Friday, 15 August 2014

JUGAAD..

'Jugaad' is a Hindi word that describes an improvised or makeshift solution using scarce resources. It's a way of life in India, where washing machines are used for whipping up yogurt drinks, but it's also an innovation theory that's proving to be increasingly influential in the marketing departments of Western corporations.
In a business context, jugaad is a "frugal, flexible, and inclusive approach to problem solving and innovation." So says Professor Jaideep Prabhu, author of Jugaad Innovation: Think Frugal, Be Flexible, Generate Breakthrough Growth.

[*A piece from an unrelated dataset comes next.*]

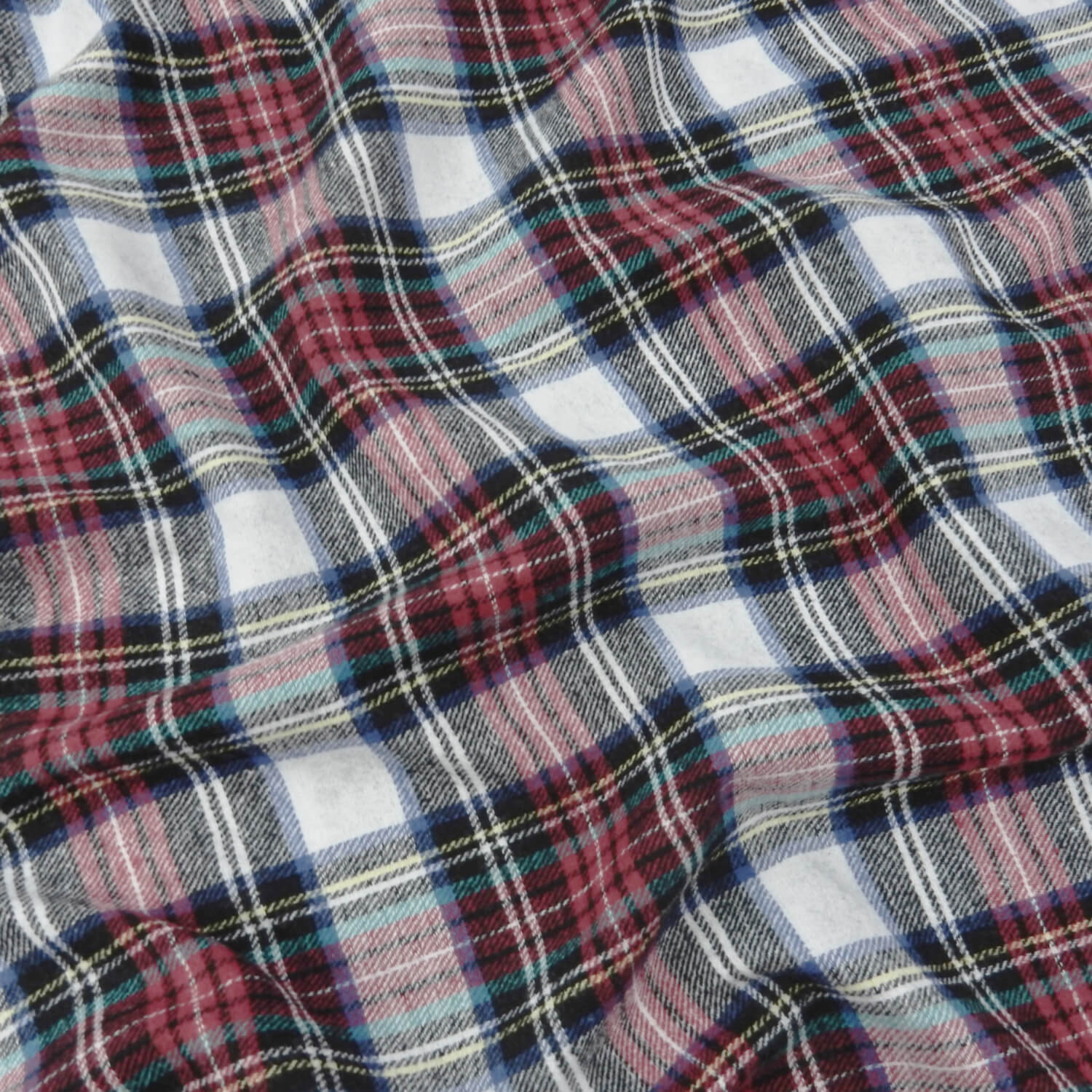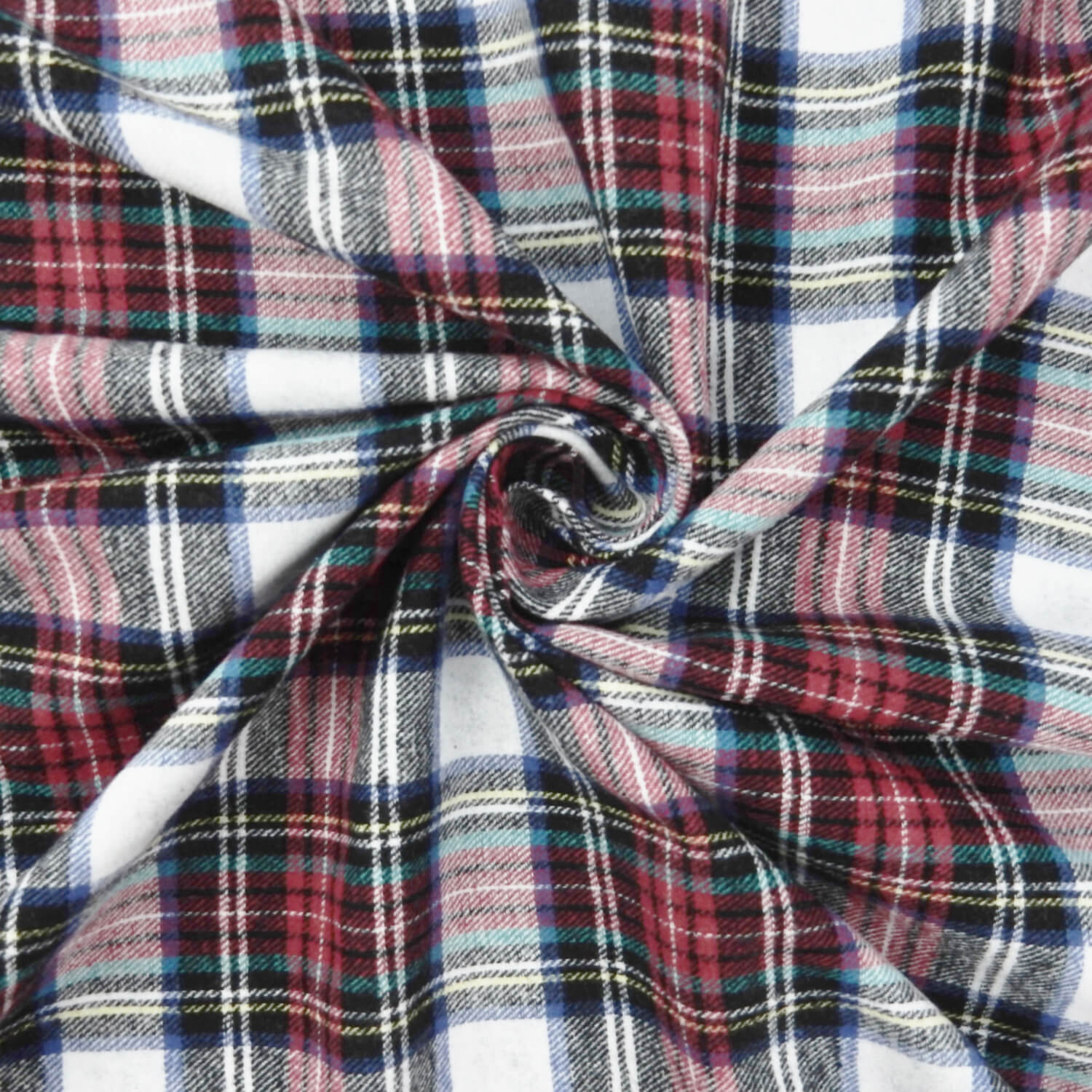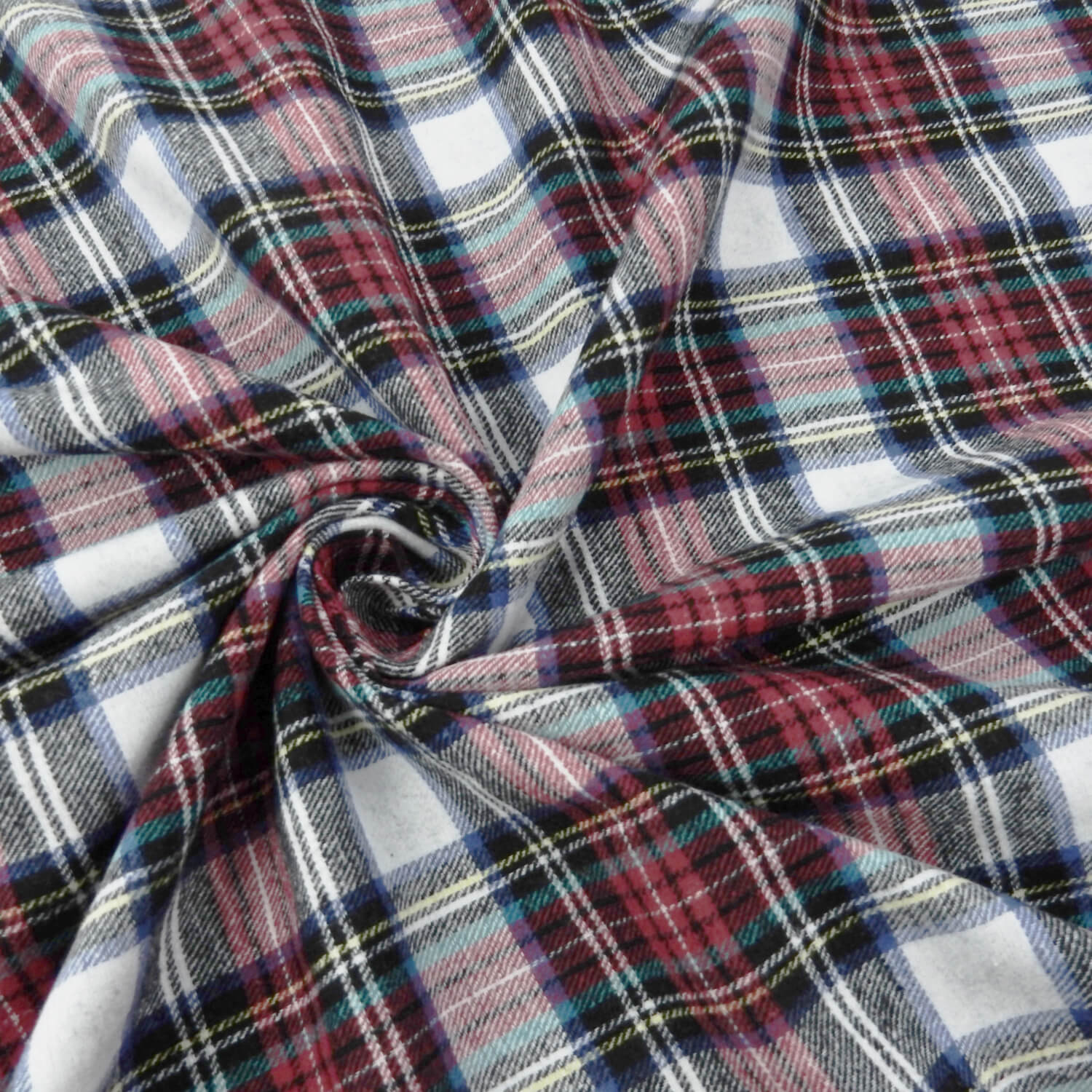 A classic soft as butter 100% Cotton Yarn Dyed Flannel Plaid Fabric in red, black and white, with accents of yellow, royal blue and aquamarine stripes.

Prabhu, who is a professor at Cambridge University's Judge Business School in the UK, points to examples like SELCO India, a sustainable energy provider that sells solar panels to a network of small entrepreneurs who in turn use them to charge battery-powered lights rented to households outside the country's electricity grid. Or Tata Motor's Nano - the cheapest car in the world when it launched in 2009 at $2,000. And the ingenious electrocardiogram in a backpack, developed by GE Healthcare's Indian engineers.
 "Jugaad is a culture, an attitude, an outcome of circumstance, but definitely not something planned. The challenge is to tap into it and channel it."
ref:http://www.thinkwithgoogle.com/articles/jugaad-innovation.html
Jugaad is old hat. It has done little for India in terms of innovation; India ranks 64th in the Global Innovation Index. In today’s globalized market place it is increasingly difficult to survive with just quick fixes or creative improvisation. Indian companies have no option but to move beyond jugaad towards a more dependable and systematic process of innovation.